**EXERCISE OBJECTIVE:** Transcribe exactly, and without pictures, the lines from the one that contains "Falafel, légumes grillés, choux" through the last line of the material.

**SUPPLIED MATERIAL:**
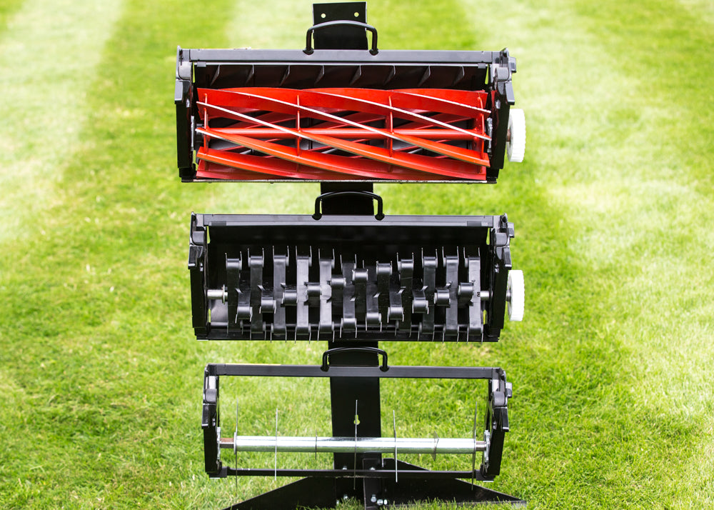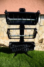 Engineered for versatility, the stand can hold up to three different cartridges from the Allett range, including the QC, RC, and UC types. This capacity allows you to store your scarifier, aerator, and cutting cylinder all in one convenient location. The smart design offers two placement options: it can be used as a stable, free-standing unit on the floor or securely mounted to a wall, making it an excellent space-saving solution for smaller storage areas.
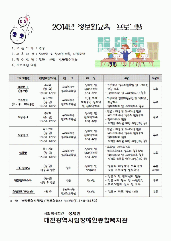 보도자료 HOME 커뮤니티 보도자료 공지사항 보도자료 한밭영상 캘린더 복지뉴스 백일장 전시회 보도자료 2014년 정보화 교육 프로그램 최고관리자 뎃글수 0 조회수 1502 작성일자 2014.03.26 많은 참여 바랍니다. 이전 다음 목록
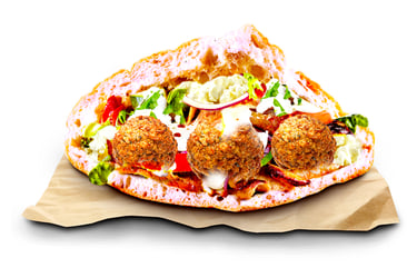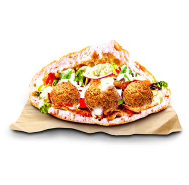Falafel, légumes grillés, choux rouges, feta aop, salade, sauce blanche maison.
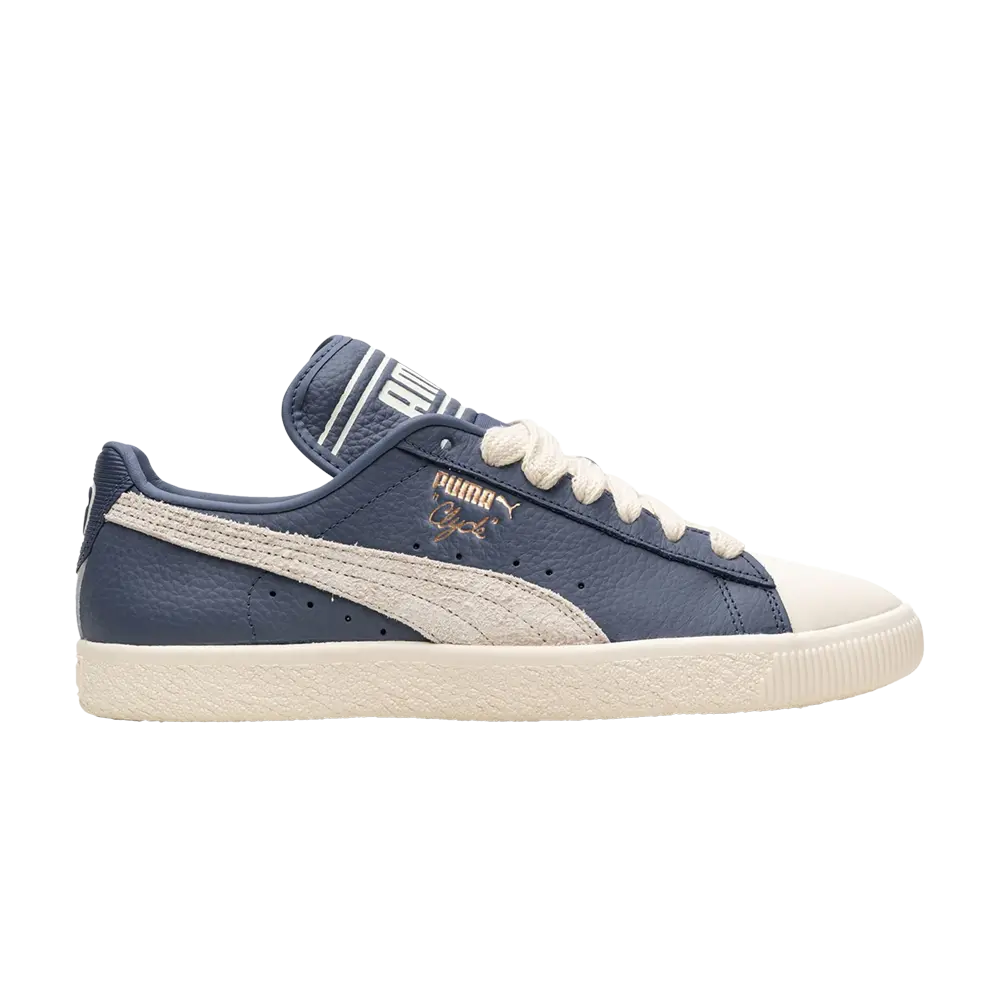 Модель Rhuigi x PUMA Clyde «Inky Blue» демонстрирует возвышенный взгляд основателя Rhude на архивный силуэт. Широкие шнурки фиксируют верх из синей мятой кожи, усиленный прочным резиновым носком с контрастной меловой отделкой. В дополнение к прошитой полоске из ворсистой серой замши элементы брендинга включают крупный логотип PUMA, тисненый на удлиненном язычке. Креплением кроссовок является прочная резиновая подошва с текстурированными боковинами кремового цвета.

**PROBLEM SOLUTION:**
Falafel, légumes grillés, choux rouges, feta aop, salade, sauce blanche maison.
 Модель Rhuigi x PUMA Clyde «Inky Blue» демонстрирует возвышенный взгляд основателя Rhude на архивный силуэт. Широкие шнурки фиксируют верх из синей мятой кожи, усиленный прочным резиновым носком с контрастной меловой отделкой. В дополнение к прошитой полоске из ворсистой серой замши элементы брендинга включают крупный логотип PUMA, тисненый на удлиненном язычке. Креплением кроссовок является прочная резиновая подошва с текстурированными боковинами кремового цвета.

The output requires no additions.